**TASK GOAL**
Repeat every line of the data exactly; the pictures stay out.

**SUPPLIED MATERIAL**
#####

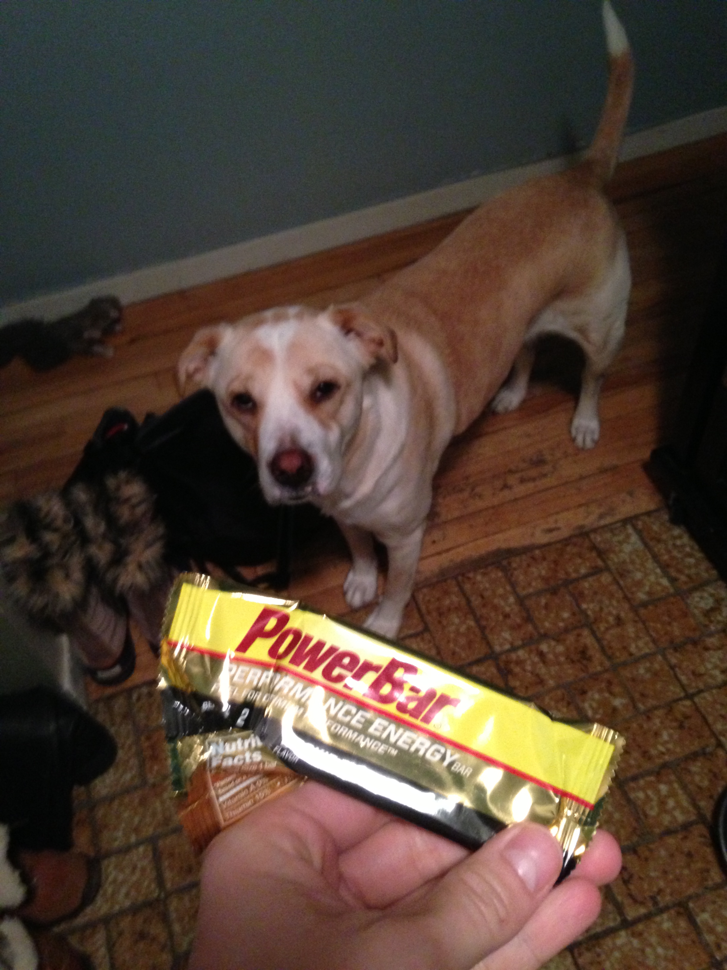You know PowerBar must be doing something right when even your dog springs from her bed to see what you’ve opened to eat. We powered up and headed out for our workout…Fetch repeats in the park on a hill!
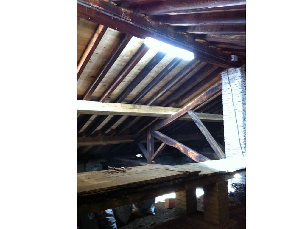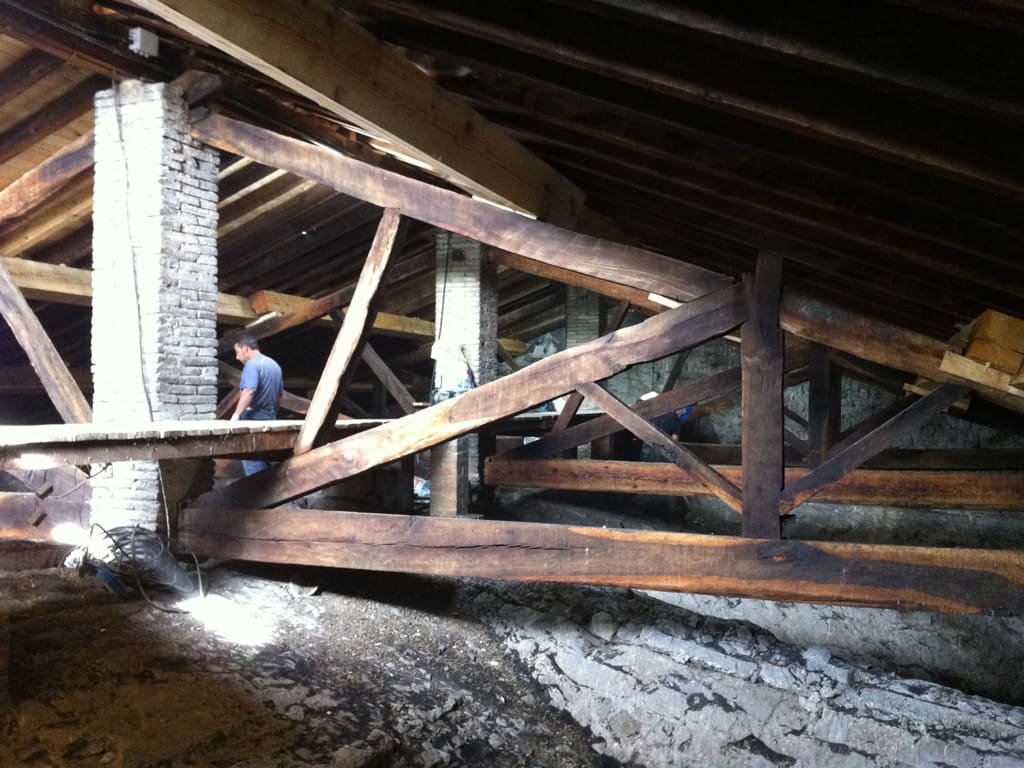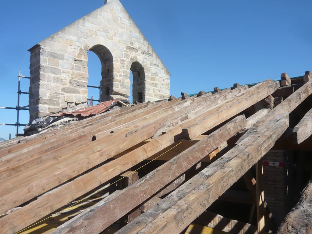 La estructura de madera, un entramado de cerchas, correas y cabios, se encontraba muy bien conservada y se mantuvo. Sólo hizo falta sustituir un par de correas por otras de similares características.
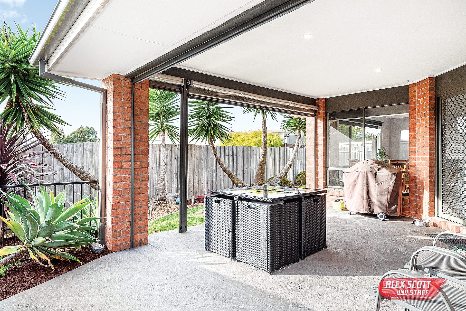 The living area opens out to a fully enclosed alfresco area with high quality sliding cafe blinds and an outdoor heater, providing a wonderful outdoor area that can be used all year round.
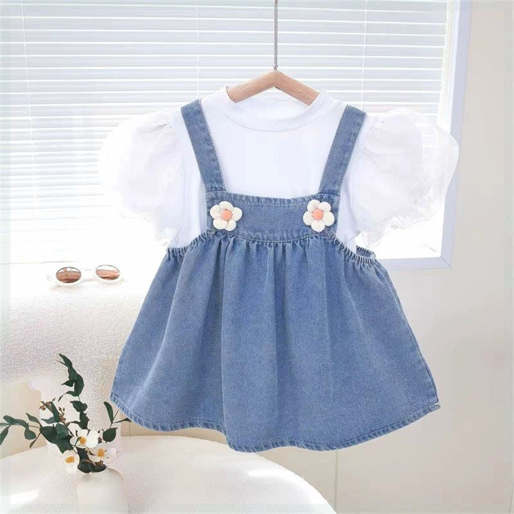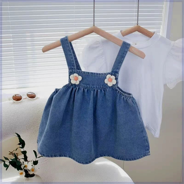 ベビー ワンピース 夏 赤ちゃん ドレス 半袖 Tシャツ ジャンパースカート サロペット スカート デニムワンピース ベビー服 子供服 セットアップ 2点セット キッズ 韓国子供服 上下セット 誕生日 出産祝い 写真撮影 春夏 通学着 通園着 80cm 90cm 100cm 110cm 120cm 130cm

#####

**ANSWER SECTION**
You know PowerBar must be doing something right when even your dog springs from her bed to see what you’ve opened to eat. We powered up and headed out for our workout…Fetch repeats in the park on a hill!
 La estructura de madera, un entramado de cerchas, correas y cabios, se encontraba muy bien conservada y se mantuvo. Sólo hizo falta sustituir un par de correas por otras de similares características.
 The living area opens out to a fully enclosed alfresco area with high quality sliding cafe blinds and an outdoor heater, providing a wonderful outdoor area that can be used all year round.
 ベビー ワンピース 夏 赤ちゃん ドレス 半袖 Tシャツ ジャンパースカート サロペット スカート デニムワンピース ベビー服 子供服 セットアップ 2点セット キッズ 韓国子供服 上下セット 誕生日 出産祝い 写真撮影 春夏 通学着 通園着 80cm 90cm 100cm 110cm 120cm 130cm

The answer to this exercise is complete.